Reverend Morris BURRELL and wife
v.
SEGUROS AMERICA BANAMEX, S.A.
No. 6850.
Court of Appeal of Louisiana, Fourth Circuit.
July 8, 1975. Rehearing Denied August 5, 1975. Writ Refused October 17, 1975.*178 Joseph Rosenberg, Morris B. Phillips, New Orleans, for plaintiffs-appellees.
Rudolph R. Schoemann, New Orleans, for defendant-appellant.
Before REDMANN, SCHOTT and MORIAL, JJ.
REDMANN, Judge.
As a "condition suspending or restricting insurance," defendant fire insurer's policy provided nonliability "for loss occurring. . . while a described building. . . is vacant or unoccupied beyond a period of sixty consecutive days." The trial court held this standard clause inapplicable to our facts and the insurer appeals.
The case was decided on a stipulation of facts. The building owners' foster daughter had lived in the building with her husband. The husband left the foster daughter, and she shortly thereafter also ceased to reside in the building. However, she left her furniture and most of her clothes there, and visited the building once a week to clean it and exchange clothes, hoping for a reconciliation with her husband. She kept the apartment locked at all times. A fire caused damage (the cost to repair which is also an issue) more than 60 days after the last time anyone had slept in the building.

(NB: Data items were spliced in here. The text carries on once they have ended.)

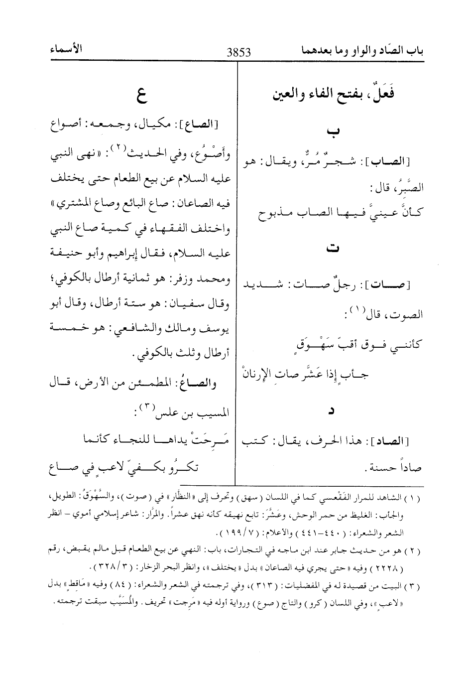 والصاعُ: المطمئن من الأرض، قال المسيب بن علس «3»:
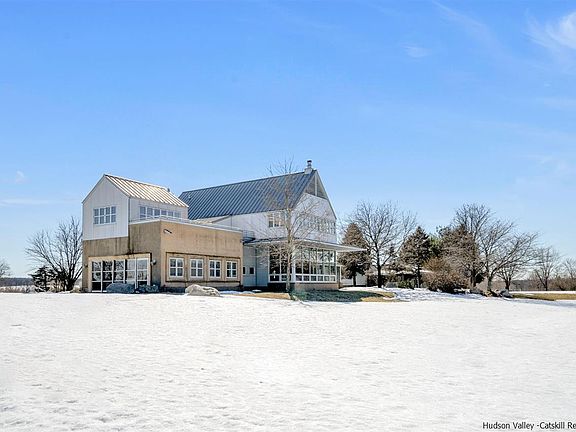 Nestled within the most peaceful setting with panoramic views of The Shawangunk Ridge and Mohonk Mountain sits this spectacular Contemporary home, on over 30 glorious acres, including a swimming pond. The second you walk in the home you are greeted by custom designed Terrazo floors and a long hallway that opens up to the main living space with high beamed ceilings and a plethora of windows provides the most amazing views of meadows and mountains. There's a Wolf wood-burning stove and plenty of room here to stretch out, relax and entertain. The Gourmet Kitchen is Grand with an extra large Island taking center stage with a built-in Viking stove & Hood and seating for 8. There's plenty of polished concrete counter space an abundance of custom-made solid core cabinets and drawers. In the warmer months you can enjoy your meals with a view in the screened-in porch just off the kitchen. There is also a large walk-in pantry perfect for stocking up on those groceries. The first floor Master in conveniently located on the opposite side of the house and boasts a wall of windows facing Mohonk Mountain's Skytop Tower and a door leading out to a private patio. Also included in the master is a walk-in closet, an en suite bath with jetted tub and a steel staircase that leads up to a private office with access to a roof top terrace. Completing the 1st level is a guest bedroom, full bath and laundry room. Upstairs is home to 3 well-sized guest bedrooms, a full bath and access to the roof top terrace. This is the spot for maximum relaxation in the summer, the contempo designed terrace offers unobstructed panoramic mountain views. Outside, across a lovely landscaped area with a lush garden, mature trees & shrubs and artfully placed boulders there is a very large studio space and 4+ car garage with heat, water and electric. The studio is the perfect spot for a workshop, work from home space, gym, art studio etc. This a truly a one-of-a-kind property and it has the added bonus of being perfectly located just minutes to the Villages of New Platz & Gardiner, Minnewaska Lake State Park, Mohonk Preserves, Tillson Lake, Trailways Bus station, and so much more!
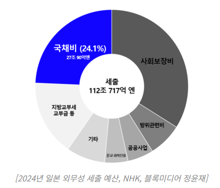 기존 일본의 2024 회계연도(2024년 4월~2025년 3월) 일반회계 예산안은 112조700억 엔(약 1015조 원)으로, 이 중 약 25%가 국채 원리금 상환비였다.
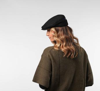 Ivy flat cap herzien met een artistieke en eigentijdse touch. Aan de achterkant creëert een abstract borduurwerk in levendige kleuren, bedacht en vervaardigd in ons atelier, een opvallend contrast van vormen en materialen.
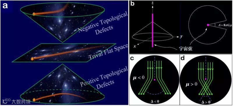图一 (a)宇宙弦拓扑时空的嵌入图; (b) 宇宙弦拓扑时空的角度缺损; (c)负质量宇宙弦对光线的排斥;(d)正质量宇宙弦对光线的吸引。
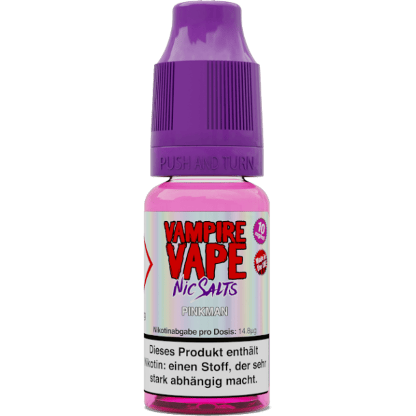 Bei den Vampire Vape Nikotinsalz Liquids haben Sie die Wahl zwischen 10 mg/ml und 20 mg/ml. Pro Variante und Flasche sind insgesamt 10 ml Vampire Vape Nikotinsalz Liquid enthalten. Die Sorte Pinkman kann direkt gedampft werden und entwickelt beim Dampfen den Geschmack von einem Mix aus verschiedenen Beeren mit einer Note von Zitrone.
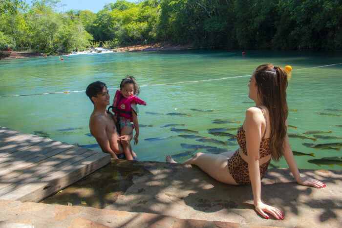 A água é extremamente cristalina, permitindo ver cardumes nadando bem próximos, e o ambiente é amplo, com gramados, áreas de sombra e espaço para famílias com crianças.

We agree with the trial judge that an apartment kept furnished and visited weekly is not "vacant or unoccupied beyond a period of sixty consecutive days." The insurer shows that, among insurers, "vacant" and "unoccupied" are not synonomous, although we doubt the ordinary layman would necessarily distinguish between the two words. In any case, the insurer concedes that the apartment "may not have been vacant" because of the furniture and clothes, but argues it was unoccupied.
In our view, at least whenever the daughter was in the apartment to clean it and to exchange clothes, the apartment was occupied in an ordinary sense of the word. We agree with Firemen's Fund Ins. Co. v. Wofford, 1936, 182 Ga. 900, 187 S.E. 76, 78 that "[i]t is not essential that some one sleep in a dwelling to render it occupied."
We also note agreement with Hemenway v. American Cas. Co. of Reading Pa., E.D. La.1936, 215 F. Supp. 103, that in any event "vacant or unoccupied" by traditional rules of construction would be construed in favor of the insured. See also Graves v. M.F.A. Mutual Ins. Co., Mo.App.1969, 446 S.W.2d 154, 47 A.L.R. 3d 393, and Annot., 47 A.L.R. 3d 398, 465, § 19[a].
We distinguish Terwilliger v. Union Fire, Acc. & Gen. Ins. Co., La.App.1938, 185 So. 43. There the policy defined unoccupied to mean "entirely furnished, but with personal habitants temporarily absent." The court reasoned, in respect to this definition, that weekly visits by one no longer a habitant did not prevent unoccupancy. Our policy does not similarly alter the meaning of unoccupied.
We therefore affirm coverage.
However, we reduce quantum to the amount of the insurer's estimate because the stipulation does not establish that *179 all the repairs included in plaintiffs' estimate were necessary. The two estimates disagree on what work was to be done. For example, plaintiffs' estimate provides for replacing of sheetrock walls and ceiling in living room, two bedrooms, hall, kitchen and bathroom, while defendant's estimate would replace sheetrock only in one bedroom, repair ceiling sheetrock in the kitchen, and merely clean and paint all other sheetrock. Only 20 months before the fire, the local housing improvement authority had listed three pages of defects in the building's four apartments, and only one apartment was thereafter repaired. Under the circumstances we conclude plaintiffs' burden of proving the extent of damage from the fire required some showing beyond the mere presentation of a disputed estimate. Defendant concedes only $2,055 of damage from the fire.
Having thus adopted defendant's suggested quantum, we need not consider whether quantum should have been arbitrated.
The judgment appealed from is amended in principal to $2,055.